Monkeys found, returned to Dallas zoo
Monkeys found, returned to Dallas Zoo
The two emperor tamarin monkeys, which were retrieved from the Dallas Zoo this week, were found Tuesday in a closet in an empty house in Lancaster, about 15 miles south of the zoo, authorities said.
The monkeys – small animals with distinctive mustache-like whiskers native to parts of the Amazon – were reported missing Monday after their enclosure was apparently “deliberately compromised,” the zoo said.
Her disappearance was the latest in a series of bizarre incidents involving breached enclosures or habitats linked to the escape and deaths of other animals at the zoo in January.
The Dallas Police Department said they along with other local authorities located the animals just before 5 p.m. after receiving a tip that they may be at an abandoned home. When authorities arrived, “the house was empty,” police said, noting that no arrests had been made and the investigation was ongoing.

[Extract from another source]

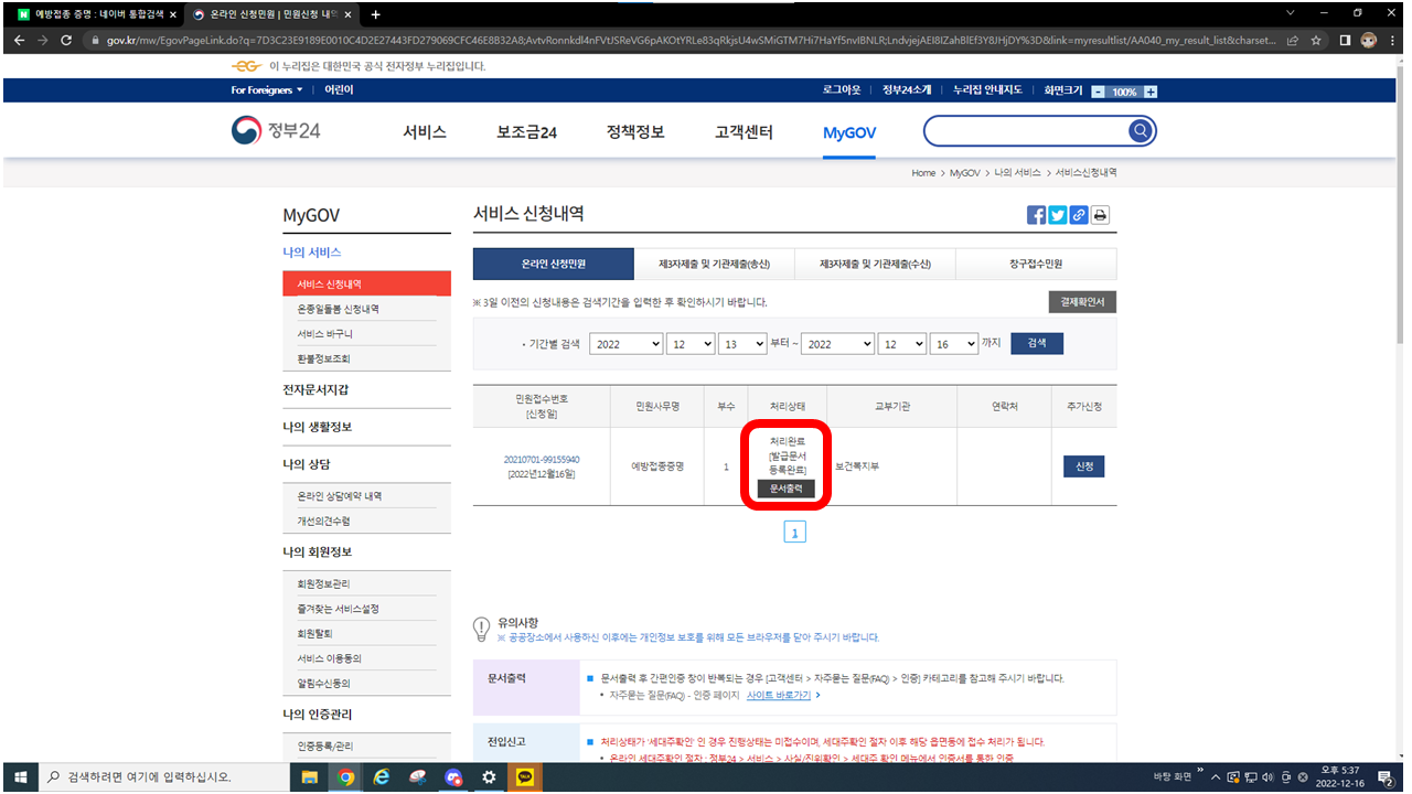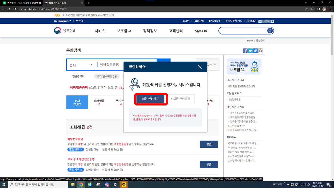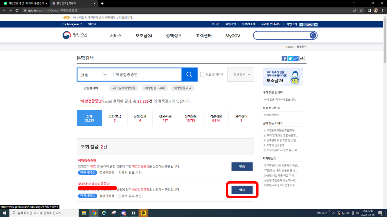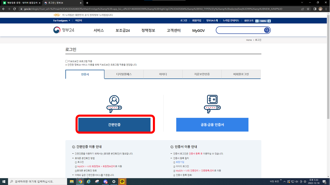 어디서든 검색을 하시면 위처럼 "예방접종증명서 바로가기 - 정부 24"가 나오는데

“The monkeys were returned to the zoo,” police said. The animals would be examined by veterinarians, the zoo said.
“We are incredibly excited,” said a zoo spokesman of the tamarin rescue. The facility said it has “significantly increased” the number of cameras on site, as well as doubling security guards and night staff in response to disturbances to its animals.
NYC sees end of absence of snowfall
NEW YORK — After almost a year without any measurable snowfall, the snow drought in New York City ended Wednesday after a slight dusting of the wintry mix.

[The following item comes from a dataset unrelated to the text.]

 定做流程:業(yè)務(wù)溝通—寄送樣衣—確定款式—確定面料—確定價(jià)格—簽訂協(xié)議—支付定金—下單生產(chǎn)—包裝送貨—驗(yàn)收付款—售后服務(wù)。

According to the National Weather Service, 0.4 inches of snow was recorded in Central Park, ending the city’s 328-day snow-free streak. The city was four days away from breaking a record of 332 days without snow in 2020.
It was also the latest date in winter that the city could see snow. The previous record date was January 29, 1973. That winter had the lowest snowfall on record at 2.8 inches.

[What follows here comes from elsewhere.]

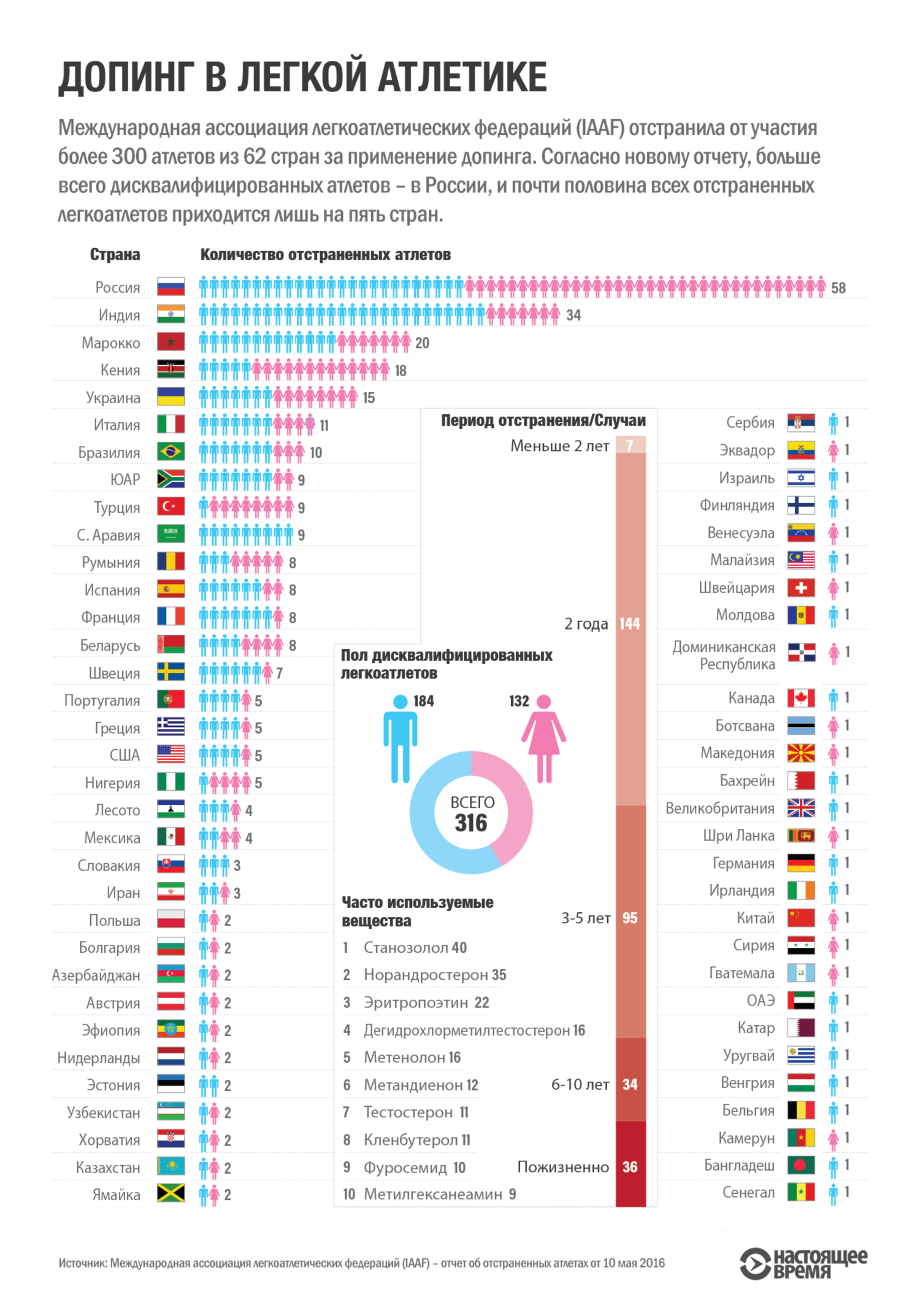 Международная ассоциация легкоатлетических федераций (IAAF) отстранила от участия более 300 атлетов из 62 стран за применение допинга. Согласно новому отчету, почти половина всех отстраненных легкоатлетов приходится лишь на пять стран.

Records began in 1869, the weather service said. A tenth of an inch of accumulation is considered “measurable.”
The snow comes a day after the city has ridden with above-average temperatures throughout January.
“We are in for one of the warmest Januarys in New York history,” Bob Larson, a senior weather forecaster at AccuWeather, told the Daily News on Sunday.
However, the city could start a new series. This week will see a cold snap with temperatures dropping into the single digits, although no additional precipitation is expected until next week.
The shooter is said to have been mentally ill
The man fatally shot by police after entering a Target store in Omaha, Nebraska, armed with an AR-15 rifle had received the gun at a Cabela sporting goods store just four days earlier, police said on Wednesday with Nobody else was hurt.
Court records show the man, identified by police as Joseph Jones, 32, of suburban Omaha in Douglas County, where Omaha is located, had no prior felony convictions. Records also indicate that he had no prior documented contact with the city’s police force.
He entered the store around noon Tuesday, where police said he fired multiple rounds, causing shoppers and workers to run for exits and hide in toilet stalls. Along with the rifle, he had 13 loaded rifle magazines with ammunition.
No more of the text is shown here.